Após o processamento da imagem, um relatório com os resultados é enviado ao clínico para conclusão do diagnóstico. “Um veterinário que levava 200 minutos analisando as imagens para chegar a uma conclusão gasta hoje menos de 3 minutos. Isso contribui para início mais rápido e maior precisão do tratamento”, explica Renato Monteiro, diretor executivo de tecnologias digitais da Mars. Desde que a ferramenta foi criada, no começo de 2022, mais de 1,5 milhão de biópsias de pets já foram realizadas.

Virginia Vaamonde, da Associação de Automação: IA presente no varejo (Douglas Luccena/Divulgação)

Ciências jurídicas

Os algoritmos também contribuem para o dia a dia das ciências jurídicas. Antigamente, os profissionais ligados à Associação dos Advogados (AASP) recebiam, de forma manual e impressa, num sistema “recorta e cola”, as intimações referentes aos processos em que atuam publicadas nas edições de diários oficiais de todo o país. Agora, com a ajuda dos algoritmos, os advogados recebem não apenas a notificação por e-mail mas sugestões de jurisprudência e doutrina relacionadas ao processo.

O programa está sendo aprimorado pela entidade. “A proposta é facilitar ainda mais, já que o profissional recebe, em questão de segundos, informações que antes levariam horas ou mesmo dias, em longas pesquisas. O tempo passa a ser um recurso a favor dele, que consegue trabalhar melhor e com mais dedicação”, diz Eduardo­ Mange, presidente da AASP.

Mineração

Na mineração, o foco principal com o uso da IA é a segurança das pessoas e a otimização de processos. A Vale já utiliza robôs tanto para o monitoramento e mapeamento de cavernas quanto para inspeção em dutos, galerias de barragens e outros locais perigosos e de difícil acesso.

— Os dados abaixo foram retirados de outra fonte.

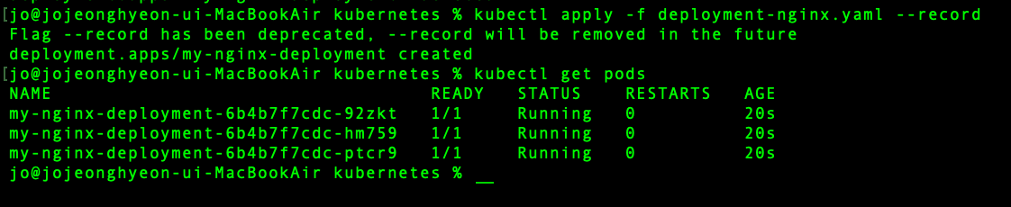 좀 더 쉬운 이해를 위해 디플로이먼트를 이용해 애플리케이션의 버전을 업데이트해 배포하는 간단한 예시를 살펴보자. 이전과 동일한 YAML 파일로 디플로이먼트를 생성하되, 이번에는 --record라고 하는 조금 특수한 옵션을 추가한다.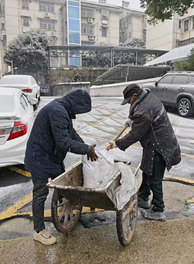 县住保中心在公租房小区撒盐清雪除冰

Para 2024, a mineradora prevê, com a ajuda da IA, a implantação de um projeto de rotores cilíndricos para o deslocamento de navios por meio do mais antigo combustível para embarcações: o vento. Ao rotacionarem com a ajuda do vento, os rotores impulsionam o navio para a frente. Até o próximo ano, a Vale também pretende instalar em toda a frota de navios da companhia sistemas de IA para otimizar o plano de rota das embarcações, possibilitando o monitoramento trecho a trecho, de forma a maximizar o desempenho do navio em suas viagens.